Nonsense of course, but it got me to wondering.
If someone tried to bribe me, and in order to procure evidence of the offer I accepted the bribe, and then went immediately to the police, would I be guilty of accepting the bribe? Does my immediate going to the police indicate anything about intent, and does intent make any difference as to whether I committed a crime?
The federal bribery statute requires only an offer or a solicitation of a bribe. So it’s irrelevant whether the “innocent” official accepts it.
It may make a difference for the purposes of a conspiracy charge. At (Anglo-American) common law, there could be no conspiracy unless there were two guilty minds.
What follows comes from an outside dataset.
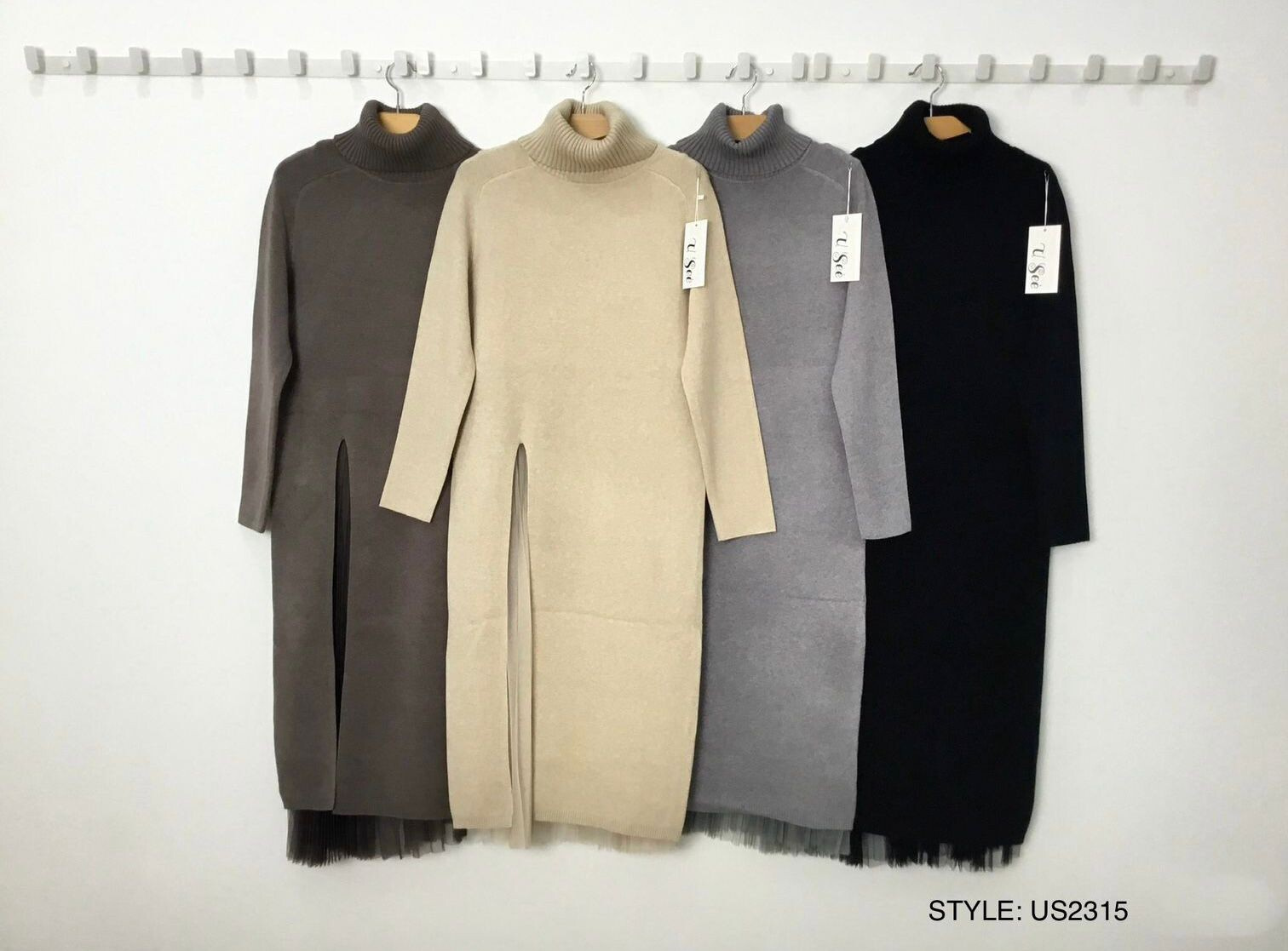 Plisé šaty s dlouhým rolákem s rozparkem na boku. Dovoz Itálie

So if you conspired to commit a crime with an undercover cop, you could not be found guilty (since the cop was only pretending to conspire with you.) This is called the “bilateral theory” of conspiracy.
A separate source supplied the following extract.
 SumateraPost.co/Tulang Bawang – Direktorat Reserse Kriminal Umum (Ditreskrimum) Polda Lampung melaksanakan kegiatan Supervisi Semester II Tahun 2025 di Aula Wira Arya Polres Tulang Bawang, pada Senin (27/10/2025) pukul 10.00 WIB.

Today, most jurisdictions have abolished this requirement and adopted the unilateral theory, which as you might have guessed, requires only one guilty mind. So you can be convicted of conspiracy to commit bribery even if the other person doesn’t take it. However, there are some jurisdictions which retain the bilateral requirement.
Usually, the authorities will make you go back and accept the actual bribe under supervised conditions, because this makes the case a near slam-dunk for the DA as opposed to it just being your word against theirs…
Richard Kelly, a Congressman from Florida, was ccaught on tape pocketing $25,000 in the Abscam scandal. Kelly argued that he only accepted the bribe because he was running his own, secret, independent investigation.
The jury had trouble swallowing this, as did the judge, the appeals court, and the federal prison where he served his sentence.
Isn’t that how Linda Tripp got off? What she did, recording the conversations, was illegal, but they gave her immunity from prosecution?
No. Tripp was immune from federal prosecution, but she was still subject to prosecution - and indeed was charged - under Maryland state law. The state charges were dropped when the judge ruled that Monica Lewinsky could not testify against Tripp.